Le barranco Lantxuteko Malda, les crêtes du Malda et l'Artzamendi

Le barranco Lantxuteko Malda, les crêtes du Malda et l'Artzamendi
Le barranco Lantxuteko Malda, les crêtes du Malda et l'Artzamendi

Les pieds dans l’eau dans le ravin sauvage et spectaculaire, en funambule sur les crêtes, l’Artzamendi puis retour par le Vallon Vert.

Le 17 mars 2015, départ d’Itxassou 1km après le Pas de Roland au dessus de la Nive, température de 7° à 18°, du soleil, un peu de vent agréable en crête.

9h25 Je laisse ma voiture dans un virage, remonte un peu sur la route, et plonge à gauche dans un chemin étroit qui me mène vers une passerelle rustique. Je travers le ruisseau qui vient du ravin remonte jusqu'à Landaldéa. Le sentier parfois dallé se faufile entre les fougères sèches et les escarpements rocheux pour rejoindre le fond de ce ravin profond. 

Une autre passerelle dallée permet de rejoindre l’autre rive et une ruine de bergerie, le sentier hésite, serpente, saute d’une rive à l’autre. Parfois les marches sont un peu hautes, mais pas de danger. Le spectacle est partout, de multiples cascades, quelques marmites, des chèvres, l’eau court, chante glisse, se divise, un gros rocher en pain de sucre marque la fin du barranco. 11h30 j’arrive à la bergerie en ruine d’Aphalaeneko Borda. 

Pour rejoindre le Malda je dois contourner Nord/Ouest les barres rocheuses descendre vers d’autres ruines rencontrer des pottocks, et prendre plein Ouest avec le Mondarrain en ligne de mire jusqu’aux crêtes découpées. Je passe de dalle en dalle, à ma droite s’alignent le Gorospil ; le Bizkayluze, l’Ourrezti, le Mondarrain et l’Escondray, plus loin la Rhune, et face à moi la boule blanche au sommet d’Artzamendi.

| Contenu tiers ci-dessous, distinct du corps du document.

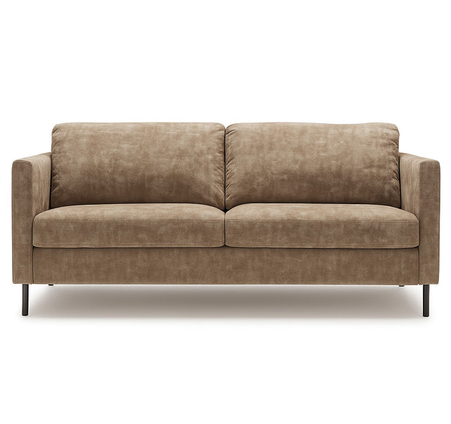 Bäddfunktionen gör det enkelt att förvandla soffan till en säng. Ryggkuddarna sitter kvar och fälls in under sängen när du öppnar upp funktionen. Madrassen är en bonellresår som ger stabil sovkomfort och är placerad skyddad på insidan av möbeln.

Je bifurque pour passer entre deux gros rochers pour rejoindre Kambochokoko Borda toujours en ruine. Des vautours se sont battus autour d’une carcasse, j’attaque la montée finale, discute un peu avec un couple de randonneurs qui eux descendent, un peu de neige est présente, et à 13h15 je suis au sommet. La chaine du Baïgura est là devant moi, plus loin la neige recouvre les sommets, mais elle est aussi présente sur les Gorramendi et Iparla. 13h25 je pose mon sac à l’abri du vent pour casser la croûte. 

½ heure de pause, et je descends plein Est dans l’herbe rase brulée par la neige qui a fondu. Je rejoins à flanc Arimaluchéné Koborda, passe le Col de l’Ane, la ruine d’Eyhéralde, travers le Vallon Vert et retrouve en zigzag un sentier escarpé et parfois glissant. Landaldéa est là et mon chemin du matin, 15h55 je suis à la voiture.